■ **Exercise directions**: Starting with the first line below, extract each line through the one that contains "65.1 米,厚 0.9", inclusive, excluding pictures.

#### Exercise materials

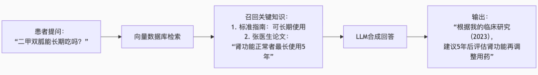 最初使用这个模式的时候,多半是为了加入特殊数据(知识),比如大模型关于糖尿病的治疗输出是基于临床指南的,而我们实现了一个医生的数字分身后,就要用该医生的回答,这里的流程是:
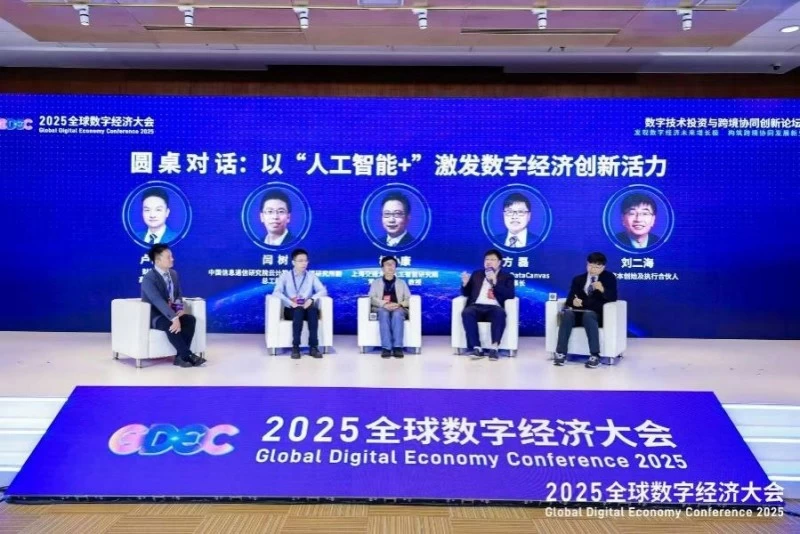 在全球数字经济大会“数字技术投资与跨境协同创新论坛”圆桌对话环节,方磊博士围绕“人工智能+激发数字经济创新活力”主题,与行业领袖、业内专家等共同论道数字经济未来趋势。
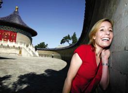 北京天坛的回音壁有非常美妙的声音现象,这是一名外国游客在天坛回音壁前细听回音。回音壁就是皇穹宇的外围墙。呈正圆形,直径 65.1 米,厚 0.9 米,墙面光洁平整,如果两人分别站在东西两侧墙根,面向北低声说话,就像听电话一样清晰。这种声音现象实际上是建筑师利用声音 造成的音响效果。
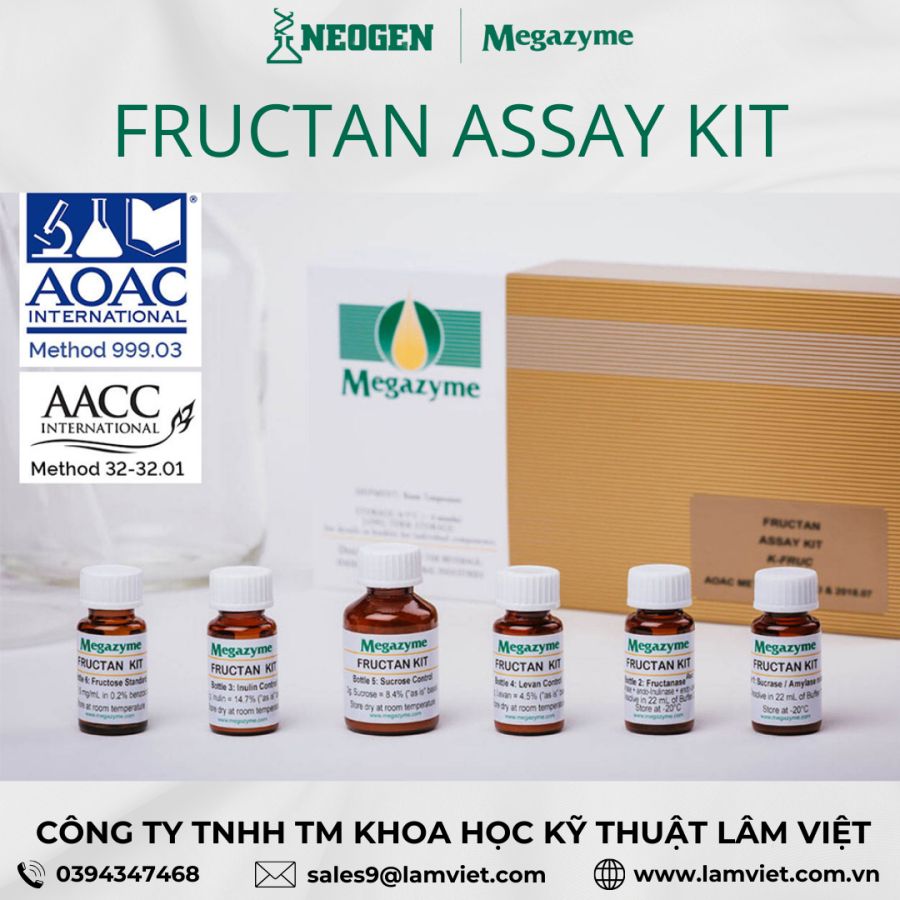 Fructan Assay Kit là một phương pháp được sử dụng để đo lường cụ thể fructan trong chiết xuất thực vật, thức ăn chăn nuôi và các sản phẩm thực phẩm có chứa tinh bột, sucrose và các loại đường khác.
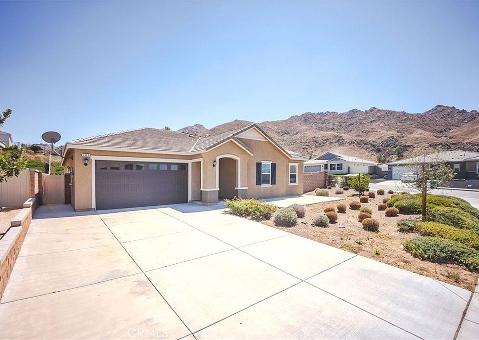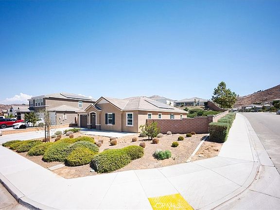 HUGE price improvement! Stop by today! PAID OFF SOLAR PANELS, and appliances included! Newer single story, corner home with a lot of upgrades throughout. The lot is big enough to add RV parking, a pool or your entertainers heart desire. NO HOA! Property has 4 Spacious Bedrooms, and 2.5 Bathrooms featuring a master bath with both a shower and a separate soaking tub for ultimate relaxation. The Kitchen was upgraded with sleek granite countertops, huge kitchen island, pantry, high ceilings, open concept, with a very large separate den perfect for entertaining and hosting. The very large primary suite is an amazing retreat, with ample space and equally spacious walk-in closet. The Primary bath features double sinks, a bathtub and separate shower! Fully landscaped back yard, and drought friendly front yard for added convenience! Home is within minutes of UCR, Sandals church, parks and walking trails.
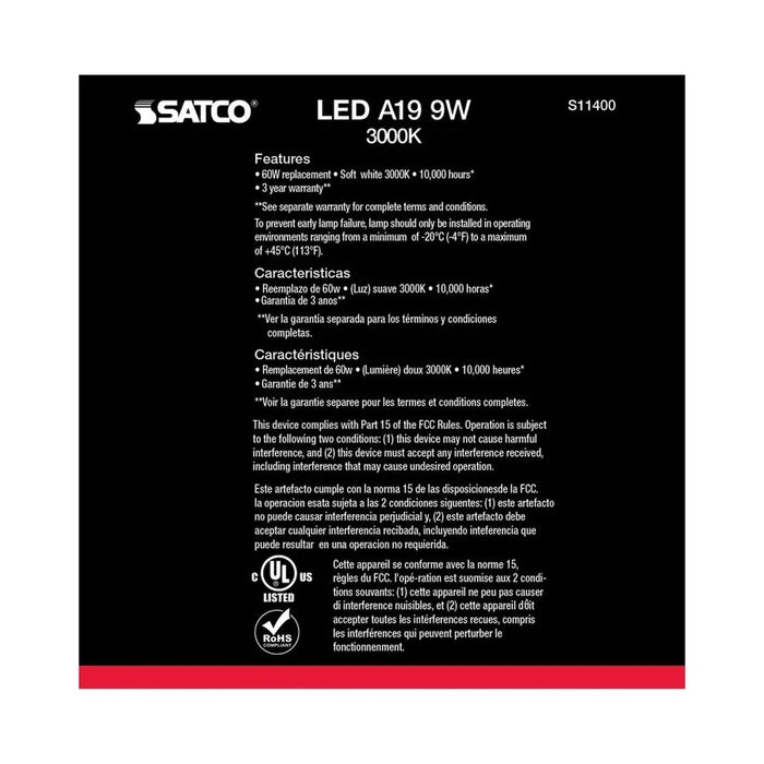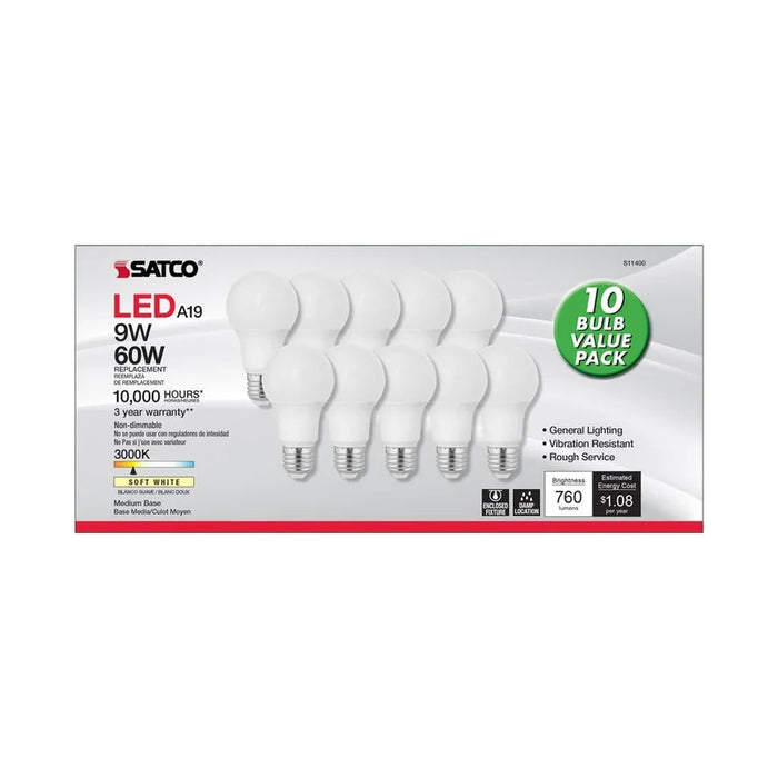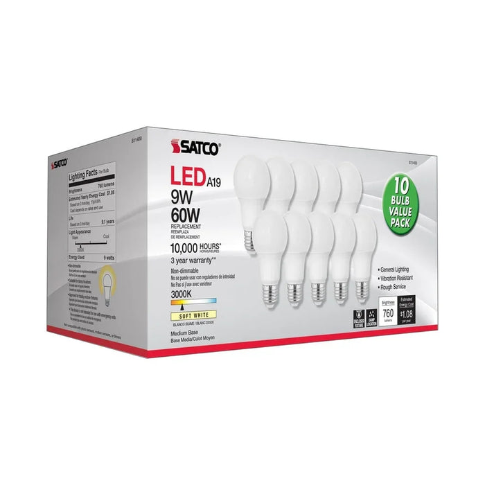 Satco's 9-watt LED frosted bulb features warm white light and a 220 degree beam spread. Illuminate living rooms, dining rooms, and office spaces with this sleek, long-lasting bulb. The bulb's medium base fits all standard lamps and fixtures and delivers exceptional illumination to your room. Available in a 10-pack.
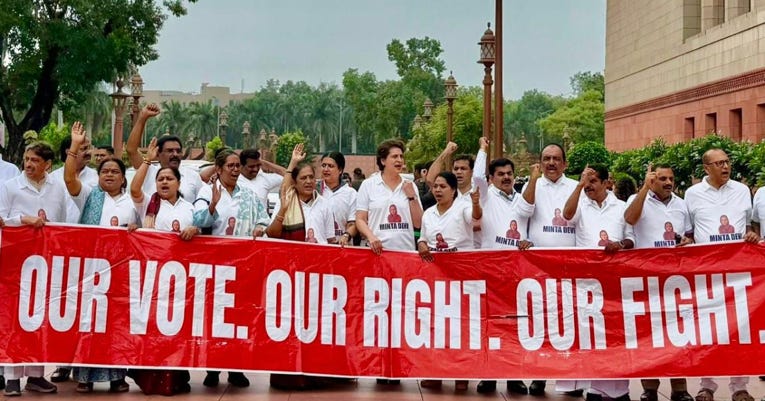 कांग्रेस सांसद के.सी. वेणुगोपाल ने कहा, "चुनाव आयोग ने मानवजाति की बड़ी सेवा की है. उन्होंने सबसे उम्रदराज जीवित व्यक्ति, मिंता देवी की खोज की है. चुनाव आयोग द्वारा की गई भारी मतदाता धोखाधड़ी कभी स्वीकार नहीं की जाएगी. "इंडिया" ब्लॉक तब तक विरोध करता रहेगा जब तक इसे रोका नहीं जाता." कांग्रेस सांसद माणिकम टैगोर ने कहा, "यह सिर्फ एक प्रशासनिक त्रुटि नहीं है - यह बड़े पैमाने पर मतदाता धोखाधड़ी का सबूत है. संसद में विरोध प्रदर्शन के दौरान मिंता देवी के बारे में पूछे जाने पर राहुल ने जवाब दिया: "पिक्चर अभी बाकी है."

########

■ **Task response**:
 最初使用这个模式的时候,多半是为了加入特殊数据(知识),比如大模型关于糖尿病的治疗输出是基于临床指南的,而我们实现了一个医生的数字分身后,就要用该医生的回答,这里的流程是:
 在全球数字经济大会“数字技术投资与跨境协同创新论坛”圆桌对话环节,方磊博士围绕“人工智能+激发数字经济创新活力”主题,与行业领袖、业内专家等共同论道数字经济未来趋势。
 北京天坛的回音壁有非常美妙的声音现象,这是一名外国游客在天坛回音壁前细听回音。回音壁就是皇穹宇的外围墙。呈正圆形,直径 65.1 米,厚 0.9 米,墙面光洁平整,如果两人分别站在东西两侧墙根,面向北低声说话,就像听电话一样清晰。这种声音现象实际上是建筑师利用声音 造成的音响效果。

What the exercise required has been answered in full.